• YOUR INSTRUCTIONS: Once the line holding "Возможен поиск документов" is found, output it and all remaining lines of the data exactly, with every picture left out.
-------- INFORMATION SHOWN --------
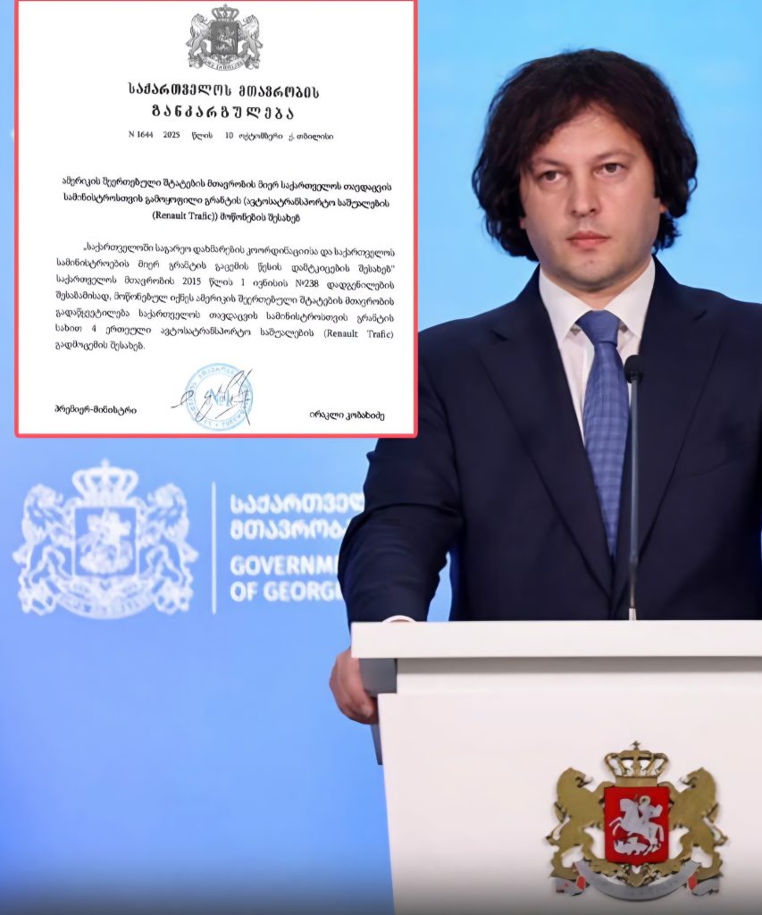 Baş nazir İrakli Kobaxidzenin qərarına əsasən, Müdafiə Nazirliyi Amerika Birləşmiş Ştatları hökumətindən qrant (hədiyyə) şəklində 4 ədəd Renault Trafic markalı nəqliyyat vasitəsi alıb.
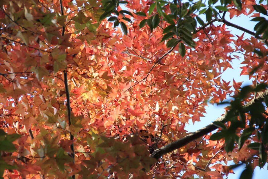 刚走进溪边森林的入口,就被眼前的红枫盛景震撼——数十棵枫树沿溪流两岸密集生长,高大的树干交织成天然拱廊,掌状的叶片在阳光下泛着光泽,浅橙、橘红、深红的色彩渐变错落分布,像被大自然精心调配的调色盘。
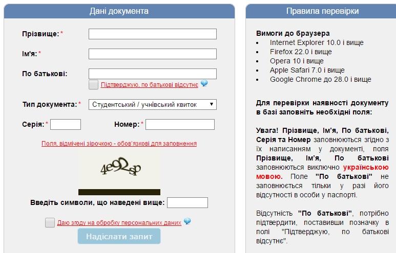 Возможен поиск документов об образовании и студенческих (ученических) билетов в единой государственной базе по вопросам образования. Проверяются документы о высшем и профессионально-техническом образованим, выданные после 01.06.2015 г., кроме изготовленных фотокомпьютерным способом, а также студенческие/ученические билеты.
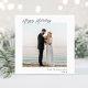 Elegant photo square Christmas card with a minimal design that features your photo, "Happy Holidays" in a contemporary script, and your name and the year in simple typography.
--------
• ANSWER BOX:
 Возможен поиск документов об образовании и студенческих (ученических) билетов в единой государственной базе по вопросам образования. Проверяются документы о высшем и профессионально-техническом образованим, выданные после 01.06.2015 г., кроме изготовленных фотокомпьютерным способом, а также студенческие/ученические билеты.
 Elegant photo square Christmas card with a minimal design that features your photo, "Happy Holidays" in a contemporary script, and your name and the year in simple typography.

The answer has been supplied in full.